SoC integration contract

e1_soc_integrated is the top-level SystemVerilog integration of the eight domain agent deliverables. It is not a replacement for the v0 e1_chip_top + e1_soc_top path used by the existing release flow; it is a parallel top that demonstrates the cross-domain interfaces wire up at the SystemVerilog level and is gated by a fail-closed evidence manifest.

Domain instantiation map

Module	Owner agent	Role in `e1_soc_integrated`
`bpu_top`	BPU	Branch prediction; emits `pmu_strb[19:0]` + FTQ fetch entries
`bpu_to_zihpm_remap`	CSR	Remap BPU PMU IDs → Zihpm event-bus slots
`ftq_to_l1i_shim`	BPU	FTQ entry → L1I prefetch request (`ftq_prefetch_req_t`)
`zihpm`	CSR	mcycle, minstret, mhpmcounter3..15
`e1_cluster_top`	OoO	Lite tie-off mode; presents AXI4 master contract
`tl_c_to_chi_bridge`	Cache	TL-C ↔ CHI cache south boundary (TL-C side tied off until SLC ships)
`e1_chi_to_axi4_bridge`	Interconnect	CHI ↔ AXI4 burst translation; drives fabric master `m[0]`
`e1_riscv_iommu`	IOMMU	RISC-V IOMMU v1.0.1; drives fabric master `m[1]`
`e1_axi4_interconnect`	Interconnect	2-master × 4-slave fabric (DRAM + decode-err sentinels)
`e1_axi4_dram_model`	Memory	Behavioural DRAM south of the AXI4 fabric
`pmc_top`	Power	AON Ibex management core mailbox + droop / AVFS telemetry
`e1_weight_buffer_sram`	Memory / PD	Sky130 OpenRAM 2 KB hard macro at 0x1004_0000
`e1_bootrom`	(legacy)	Boot vector ROM at 0x0000_0000
`e1_peripherals`	(legacy)	Timer + GPIO at 0x1000_0000
`e1_dma`	(legacy)	DMA at 0x1001_0000
`e1_npu`	(legacy)	NPU scaffold at 0x1002_0000
`e1_display`	(legacy)	Display at 0x1003_0000

Cross-domain interfaces

Every edge between two domains must be wired exactly once; this top is the canonical location for the wiring.

BPU → Zihpm (PMU events)

text

bpu_top.pmu_strb[19:0]  →  bpu_to_zihpm_remap.bpu_strobes_i
                            │
                            └→  zihpm.event_bus_i[255:0]
                                 ↓
                                 mhpmcounter[3..15] increment per
                                 mhpmevent selector

Width contract: BPU emits 20 PMU strobes (PMU_BR_PRED..PMU_SC_OVERRIDE, 5-bit IDs); the remap shifts them by +1 (to leave EVT_NONE=0) and renames PMU_FTB_MISS → EVT_BTB_MISS. See scripts/check_pmu_event_alignment.py for the strict harmonization checker.

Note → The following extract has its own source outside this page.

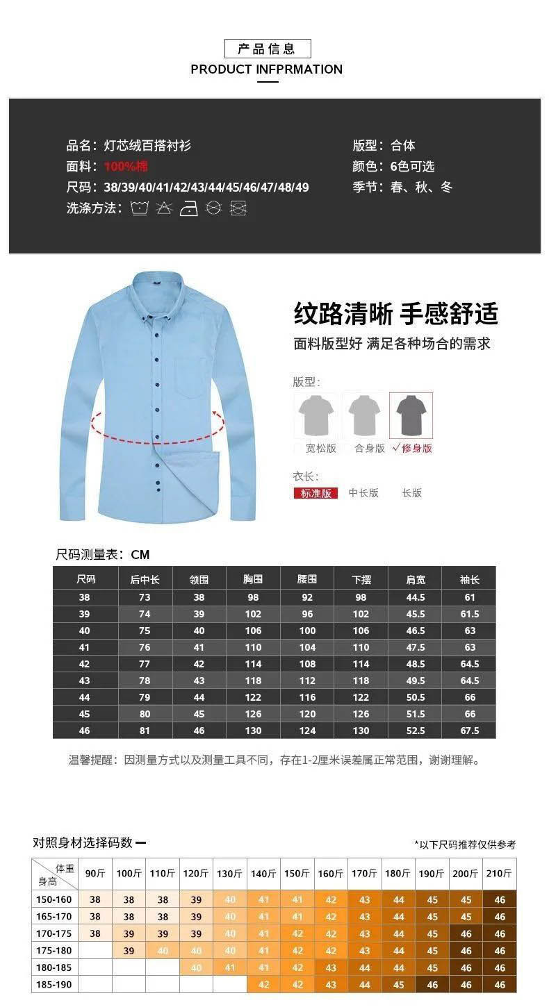 가을, 겨울 100% 코튼 코듀로이 셔츠 남성 긴팔 캐주얼 셔츠 청소년 중년 루즈 대형 아빠 착용스토어 가기

Verified by verify/cocotb/integration/test_cross_domain_interfaces.py::bpu_pmu_strobe_increments_zihpm_counter.

BPU → L1I (FTQ prefetch)

text

bpu_top.fetch_entry        →  ftq_to_l1i_shim.fetch_entry
bpu_top.fetch_valid        →  ftq_to_l1i_shim.fetch_entry_valid
resolve_i.misprediction    →  ftq_to_l1i_shim.flush_valid
                                ↓
                                ftq_prefetch_req_t {paddr_line[39:0],
                                                    confidence[2:0],
                                                    branch_target}
                                exposed on SoC port l1i_prefetch_req_o

Width contract: 39-bit Sv39 virtual PC drops the bottom 6 bits and zero-extends to a 40-bit physical line address. Confidence is {0,4,5,6} for {BR_NONE, BR_COND, BR_CALL, BR_RET}. See rtl/cache/ftq_to_l1i_pkg.sv for the canonical packet shape. Verified by ftq_l1i_shim_emits_prefetch_on_taken_target and ftq_l1i_shim_flushes_on_misprediction.

CPU cluster → AXI4 fabric

The cluster presents 8 per-core AXI4 master ports (1 big + 3 mid + 4 little) with AXI_ADDR_W=40, AXI_DATA_W=128, AXI_ID_W=8. The integrated top currently routes only the cache-side CHI → AXI4 bridge into the fabric (master 0); the per-core cluster ports stay tied off in e1_cluster_top lite mode until the core wrappers ship. This is the documented BLOCKED edge — see docs/evidence/integration/cross-domain-interfaces.yaml.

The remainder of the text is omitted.